Login to AWS ECR Public to pull the image from the public repository.
aws ecr-public get-login-password --region us-east-1 | docker login --username AWS --password-stdin public.ecr.aws
Start the deployment by executing the following command:
cd source/infrastructure
npx cdk deploy --parameters S3ModelAssets=<Your S3 Bucket Name> --parameters SubEmail=<Your email address> --parameters EtlImageName=<Your ETL model name> --parameters ETLTag=<Your ETL tag name>
To deploy the offline process only, you can configure context parameters to skip the online process.

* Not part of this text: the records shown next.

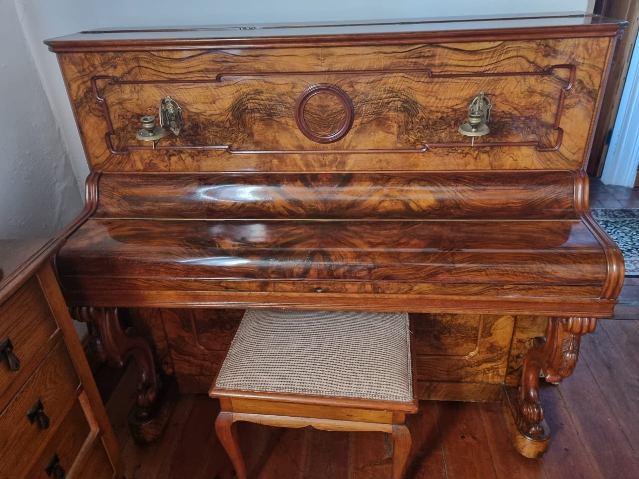 This beautiful antique, made in circa 1890, has been well preserved. The rare burr walnut cabinet, with ornate legs will make a beautiful focal point in any venue. This piano has original parts, confirming the far below average wear and tear. The piano is mechanical sound, with a beautiful tone, considering the age. Ideal for a stately home with antiques or even a guest house.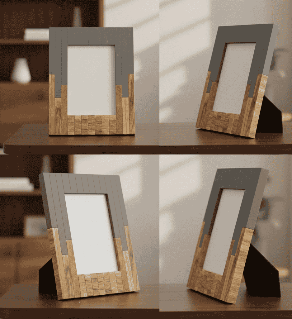 The RB Artisan Wood & Resin Photo Frame is a perfect blend of modern design and natural craftsmanship. The contrast between the cool grey resin and warm wooden texture creates a premium and balanced look, suitable for luxury interiors and export-quality décor collections.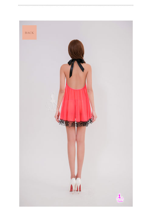 甜蜜桃紅綁脖美背二件式柔紗睡衣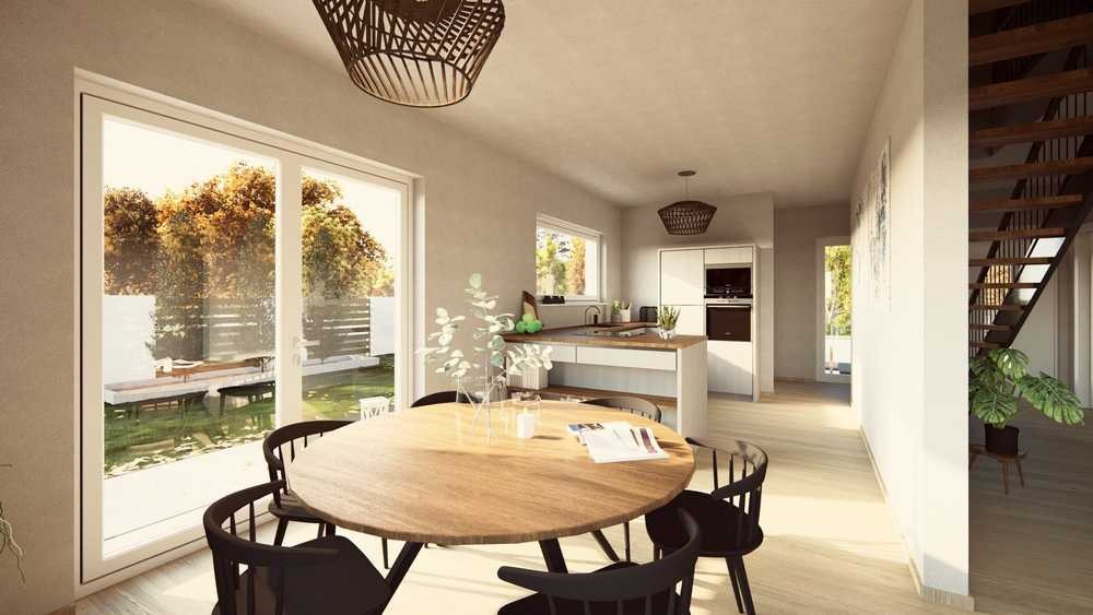Geschmackvoll, lichtdurchflutet und offen - so lässt sich unser Haus Design 11 charakterisieren. Unter dem zeitlos-eleganten Satteldach laden rund 135 m² Wohnfläche zum Leben, Wohlfühlen und Träumen ein. Die offene Architektur im Erdgeschoss vermittelt ein Gefühl von Weite, ohne dabei an Gemütlichkeit und Behaglichkeit einzubüßen. Dafür sorgt die besondere Raumeinteilung: Die geräumige Diele geht - lediglich getrennt durch einen kleinen Vorsprung - direkt in den Koch- und Ess-Bereich über. Und der besticht nicht nur durch seine Größe, sondern auch durch seine Helligkeit. Dafür sorgen zahlreiche Fenster, die einen direkten Blick in den Garten gewähren. Auch das Wohnzimmer ist unmittelbar von der Diele aus zugänglich und mit seinen knapp 20 m² ein echter Wohlfühlort. Ebenfalls Parterre: Hauswirtschaftsraum sowie Gäste-WC. Über die Diele führt eine halbgewendelte Treppe in den Bereich, in dem Erholung und Entspannung im Fokus stehen. Hier befinden sich neben dem Schlafzimmer für die Eltern noch zwei Kinderzimmer sowie ein großes Bad. So geht stilvoll Wohnen.

npx cdk deploy --parameters S3ModelAssets=<Your S3 Bucket Name> --parameters SubEmail=<Your email address> --parameters EtlImageName=<Your ETL model name> --parameters ETLTag=<Your ETL tag name> --context DeploymentMode="OFFLINE_EXTRACT"
Parameter | Description |
---|---|
S3ModelAssets | Your bucket name to store models |
SubEmail | Your email address to receive notifications |
OpenSearchIndex | OpenSearch index name to store the knowledge, if the index is not existed, the solution will create one |
EtlImageName | ETL image name, eg. etl-model, it is set when you executing source/model/etl/code/model.sh script |
EtlTag | ETL tag, eg. latest, v1.0, v2.0, the default value is latest, it is set when you executing source/model/etl/code/model.sh script |
Context | Description |
---|---|
DeploymentMode | The mode for deployment. There are three modes: OFFLINE_EXTRACT , OFFLINE_OPENSEARCH , and ALL . Default deployment mode is ALL . |
LayerPipOption | The configuration option for the Python package installer (pip) for the Lambda layer. Please use it to set PyPi mirror(e.g. -i https://pypi.tuna.tsinghua.edu.cn/simple) when your local development environment is in GCR region. Default LayerPipOption is set to ``. |
After CDK deployment, you can use a HTTP client such as Postman/cURL to invoke the API by following below API schema.

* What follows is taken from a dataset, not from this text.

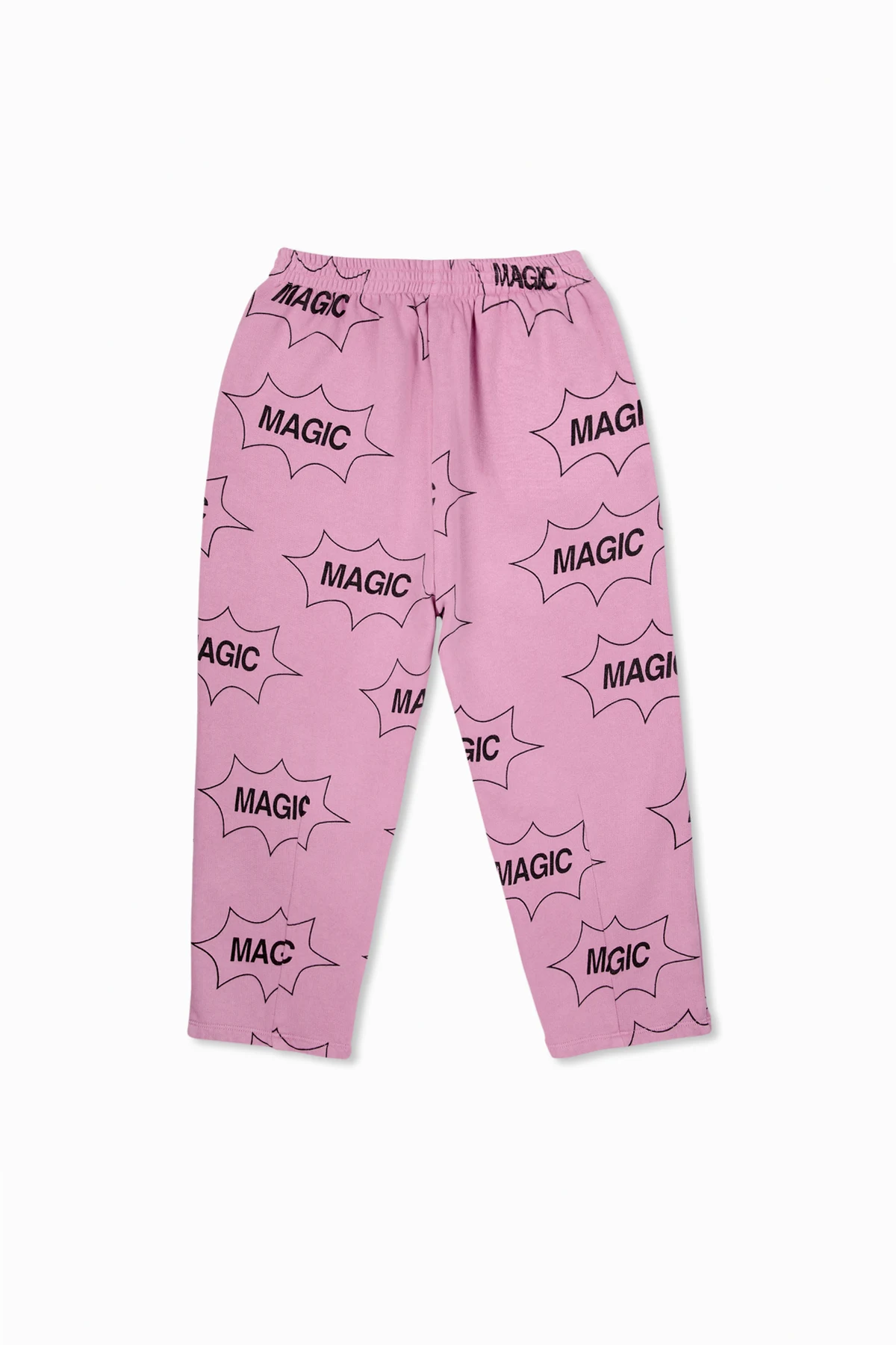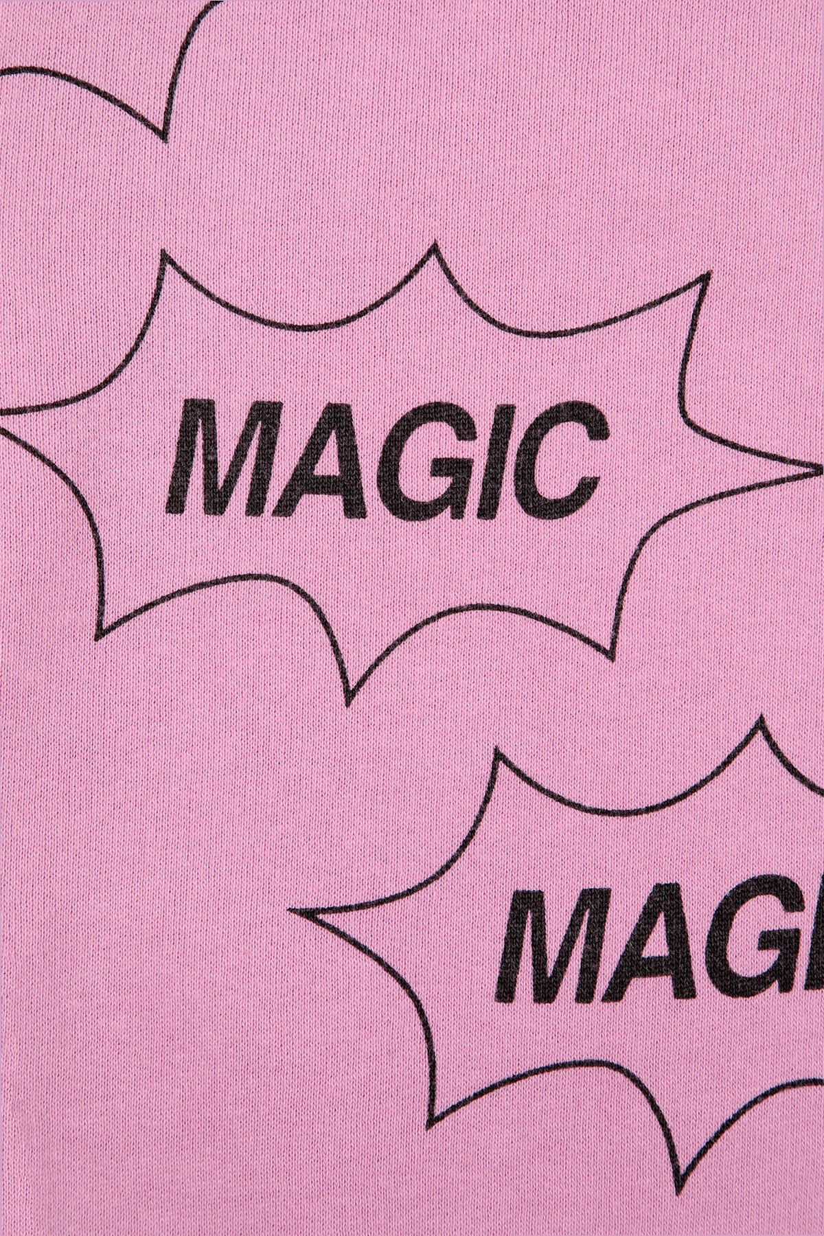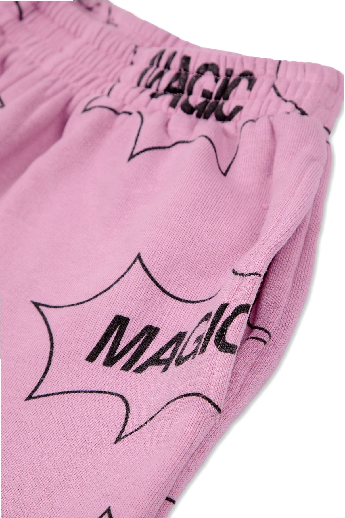 Spodnie wykonane są z 100% bawełny organicznej , co gwarantuje ich miękkość i elastyczność, typową dla najwyższej jakości odzieży dresowej. Dominujący jasnoróżowy kolor oraz wzór z czarnym napisem "MAGIC" w komiksowych dymkach nadają im nowoczesny i modny wygląd. Elastyczny pas w talii, również zdobiony napisem "MAGIC", dodaje spodniom dodatkowego charakteru i zapewnia komfort noszenia.

- LLM API Schema: send question to LLM and get a response.
- ETL API Schema: upload knowledge to vector database.
- AOS API Schema: search data in the vector database.
For detailed test information, please refer to the Test Doc
Upload the embedding file to the S3 bucket created in the previous step. This object created event will trigger the Step function to execute Glue job for online processing.
aws s3 cp <Your documents> s3://llm-bot-documents-<Your account id>-<region>/<Your S3 bucket prefix>/
Try the Bedrock tutorial to quickly get through the bedrock model & langchain.
See CONTRIBUTING for more information.
This project is licensed under the Apache-2.0 License.